Ramblings on serializability

Here is a very raw/immature idea I have been toying with recently. I decided to write it down and share in order to get feedback about whether this is worth exploring further.


Serializability of reads and writes (sequential consistency) is an important feature in distributed systems. A significant application of serializability is in transaction processing in distributed databases (e.g., Spanner).

Paxos serialization versus serializability

Paxos is a method for fault-tolerant state machine replication. In order to achieve fault-tolerant state machine replication, Paxos employs consensus to serialize operations at a leader and apply the operations at each replica in this exact serialized order (dictated by the leader).

While serialization is not an end in Paxos but rather a means, Paxos is seen nowadays as a defacto method for serialization rather than a method for fault-tolerant state machine replication. Maybe the ZooKeeper implementation of a Paxos-based lock-service help promote this confusion and blur the lines between Paxos's true goal (fault-tolerant replication) with its side effect (serialization).

In fact Paxos serialization is overkill, it is too strong. Paxos will serialize operations in a total order, which is not necessarily needed for sequential consistency. Today in many applications where knowing the total order and replicated-logging of that order is not important, Paxos is still (ab)used.

Serialization is not and should not be tightly-related to a replication solution.

OK, so what? (What is wrong with using a drug for its side effect?)

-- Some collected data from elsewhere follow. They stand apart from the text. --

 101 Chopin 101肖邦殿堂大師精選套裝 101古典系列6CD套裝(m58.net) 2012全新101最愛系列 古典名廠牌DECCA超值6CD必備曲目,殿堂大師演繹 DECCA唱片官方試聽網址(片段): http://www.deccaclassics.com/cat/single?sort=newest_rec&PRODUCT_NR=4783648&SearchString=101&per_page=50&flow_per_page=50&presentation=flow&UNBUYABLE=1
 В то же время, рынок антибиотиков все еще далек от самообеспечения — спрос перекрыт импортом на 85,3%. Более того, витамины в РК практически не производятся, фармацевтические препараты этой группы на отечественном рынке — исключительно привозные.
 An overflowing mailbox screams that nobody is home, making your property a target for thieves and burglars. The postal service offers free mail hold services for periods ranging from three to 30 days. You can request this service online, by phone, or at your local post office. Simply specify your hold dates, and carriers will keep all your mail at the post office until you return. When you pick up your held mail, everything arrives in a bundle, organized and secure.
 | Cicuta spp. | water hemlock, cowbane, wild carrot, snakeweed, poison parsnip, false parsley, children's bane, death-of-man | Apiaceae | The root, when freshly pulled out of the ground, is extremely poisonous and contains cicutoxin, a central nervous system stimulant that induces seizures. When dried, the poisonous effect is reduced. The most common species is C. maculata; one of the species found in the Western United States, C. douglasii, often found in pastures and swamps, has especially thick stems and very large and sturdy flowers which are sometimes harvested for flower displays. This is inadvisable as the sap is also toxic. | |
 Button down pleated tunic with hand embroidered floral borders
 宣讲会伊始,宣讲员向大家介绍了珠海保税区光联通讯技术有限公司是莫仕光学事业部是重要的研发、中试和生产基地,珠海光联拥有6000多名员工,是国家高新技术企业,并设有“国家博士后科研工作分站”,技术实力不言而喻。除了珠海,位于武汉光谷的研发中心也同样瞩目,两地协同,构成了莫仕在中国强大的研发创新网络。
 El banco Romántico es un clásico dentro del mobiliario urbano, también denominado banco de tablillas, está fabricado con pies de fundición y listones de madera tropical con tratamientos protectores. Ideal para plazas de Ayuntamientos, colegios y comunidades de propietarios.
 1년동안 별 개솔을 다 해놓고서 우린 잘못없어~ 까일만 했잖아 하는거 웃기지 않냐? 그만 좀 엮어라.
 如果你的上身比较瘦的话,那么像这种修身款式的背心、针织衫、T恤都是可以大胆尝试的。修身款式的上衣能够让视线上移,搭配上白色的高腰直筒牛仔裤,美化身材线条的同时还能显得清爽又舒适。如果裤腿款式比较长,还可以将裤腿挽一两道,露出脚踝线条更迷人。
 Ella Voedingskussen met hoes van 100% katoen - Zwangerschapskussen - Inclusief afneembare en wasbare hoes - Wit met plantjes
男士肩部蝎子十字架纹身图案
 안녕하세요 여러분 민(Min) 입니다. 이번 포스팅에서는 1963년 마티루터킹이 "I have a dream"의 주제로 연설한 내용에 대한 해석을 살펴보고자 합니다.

This confusion may permeate the misconception that serialization is inherently a reactive process. Many people have now been thinking about serialization from the Paxos perspective and as an inherently on-demand process.

(Probably there are other problems that arise due to this confusion, but for now I am only picking on this one.)

Proactive serialization

Serialization can actually be proactive and anticipatory. The workers does not need to make a serialization request to a Paxos leader. By getting rid of such a request (albeit in a fraction of the cases), latency can be reduced and throughput can be improved.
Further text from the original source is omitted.